PARIS (Reuters) - France could return a reversal of the private sector of Greek debt as part of a new EU-IMF rescue plan, if it can find a voluntary formula to avoid more damage in the euro area markets say sources familiar with the thinking of Government.
Euro-zone Governments have edged closer to a compromise this week on a second Greek rescue program, with an increase in official financing, whereby private creditors would be called upon to share their sovereign debt obligations more updated.
President Nicolas Sarkozy softened opposition total earlier Paris to any form of restructuring, saying after the G8 Summit, in Deauville on 27 May that he was different from the restructuring of the search for ways for private investors to share the burden of debt.
French sources said that he wanted to help the German Chancellor Angela Merkel, who has need to appease public anger on the signing of another cheque for the Greece showing that the private sector is sharing the risk.
But France, partner of Berlin in the leaders of the European institutions, has quietly reacted to the proposal of the Minister of German finance Wolfgang Sch?uble of an exchange of Greek debt to extend the deadlines in 7 years and call for a "significant contribution" from creditors.
"The French line has always been to deny the restructuring of the debt of the Greece... regardless of what conditions are proposed," Budget Minister Fran?ois Baroin said Wednesday.
In private and public sector, sources said that Paris was trying to temper the line more lasts from Berlin on the participation of the private sector, a Summit of the leaders of the European Union of 23-24 June, which should accept a new package for the Greece.
Sarkozy can fly in Germany to meet Angela Merkel at the end of next week, a French official source told Reuters.
The sources all spoke on condition of anonymity because of the sensitivity of negotiations.

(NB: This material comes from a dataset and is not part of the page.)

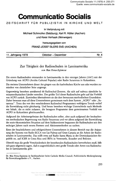 "Im Laufe der letzten Jahre haben sich in Lateinamerika zwei Hauptsysteme der Radioschularbeit entwickelt - das von Sutatenza, der allerersten in Lateinamerika gegründeten Radioschule, und das von Radio ECCA, das vor etwas mehr als zehn Jahren in Las Palmas, Gran Canaria, entstand. Die Sutatenza ACPO (Acción Cultural Popular) verfügt über ein regelmäßiges Bildungssystem, das Schulklassen unterrichtet und vor allem auf die Alphabetisierung ausgerichtet ist. Das ECCA-System dient dem einzelnen Schüler und bittet um regelmäßige finanzielle Beiträge zu den Kosten seiner Ausbildung. In diesem letztgenannten System werden die Ergebnisse häufig überprüft und die Bewertung der Fortschritte des einzelnen Schülers durch einen allgemeinen Tutor vorgenommen. Das Sutatenza-System funktioniert anders. Beispielsweise erhalten die Schüler die Sendung als Gruppe. Weitere Varianten werden vom Autor in diesem Artikel erklärt." (Zusammenfassung)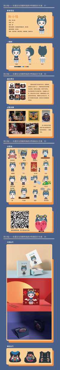 阳小贴具有阳新布贴特色,主色为深蓝色,加之红、黄、兰、绿等饱和色的图案,突出阳新布贴色彩和明度对比强烈,构图自由随意的特点。同时将抽象的传统非物质文化遗产借助新媒体技术转变成活灵活现的吉祥物形象,使得阳新布贴这一传统文化不只是停留在会绣活的阳新妇女手中,而是以一种更新颖、更吸引人的面貌出现在人们的视线中,从而带动更多的人群关注、保护、继承它们,让非物质文化遗产焕发新的生命。

Officials say that France is resolutely opposed to any move that would constitute a "credit event" in the eyes of investors, triggering payment of Credit Default Swaps used to ensure debt and sending shock waves through the financial system of Europe.
The body of the ISDA derivatives industry, who has the last word or a credit event has occurred, said a voluntary agreement to roll over Greek debt holdings would not usually trigger payment of SADC.
However, credit rating agencies said that they would be likely to classify a turnaround as an exchange of debt distress and downgrade selective rating of the Greece 'default '. Which could affect the European Central Bank's willingness to accept debt Greek as collateral in its liquidity operations.
"There are a number of options on a table and negotiations are not over yet, said a source in contact with the Ministry of finance." A Greek debt rescheduling normally trigger a default value, then that would not be a rollover. ?
NOT QUITE VOLUNTARY
The French are determined to avoid any action which could damage not only creditors of Greece, its financial sector and the economy, but also have an impact on the solvency of the Ireland and the Portugal and other euro-zone countries under stress.
As an alternative to an exchange of debt, French sources said that banks could be persuaded to enter into a voluntary agreement to refinance their Greek debt as it comes of age. However, this would mean official creditors pay more the second rescue plan.
After the Germans, the French banks are second largest foreign holders of Greek debt. BIS figures published this week showed that at the end of 2010, German banks 23 billion euros in Greek bonds and the French banks 15 billion euros.
The ECB President, Jean-Claude Trichet, former Director of the Council of the French Treasury, appeared to open the door to a reversal earlier this week by saying that he would accept a regime in which banks were invited to voluntarily maintain their level of exposure to the Greece.
But he restricted any such scope Thursday by saying that the ECB wanted to avoid "any event credit and selective default."
To encourage banks to buy the new bonds more long term, the ECB could accept as guarantee, while the former ones could gradually cease to be accepted.
"The is can we try to convince the agencies rating and the agreement to avoid triggering a credit event, the packaging", said the source in contact with the Ministry of finance.
Bart Oosterveld, head of sovereign risk of Moody group, said on a trip to Paris this week that it is difficult to see how such an agreement would be truly voluntary, given the vagaries of 340 billion euros from the Greek debt. If there was a suggestion of coercion probably would cause a failure, he said.
Jean-Paul Chifflet, CEO of heavyweight French bank Credit Agricole, among the most exposed in Europe in the Greece, said on Wednesday, he was reportedly favour an extension of the deadlines of the sovereign debt of the Greece.
Another senior banker, speaking on condition of anonymity, said French banks had already given the Government committed last year, when the first Greek bailout, to maintain their exposure to the Greece.
"We have been invited to a meeting with Christine Lagarde and it very clearly that it was expecting the French banks after the Government had to support them in these critical times in 2008-2009, to play the game on the Greece" said.
"It was not voluntary," he said, adding that German banks had made a similar commitment.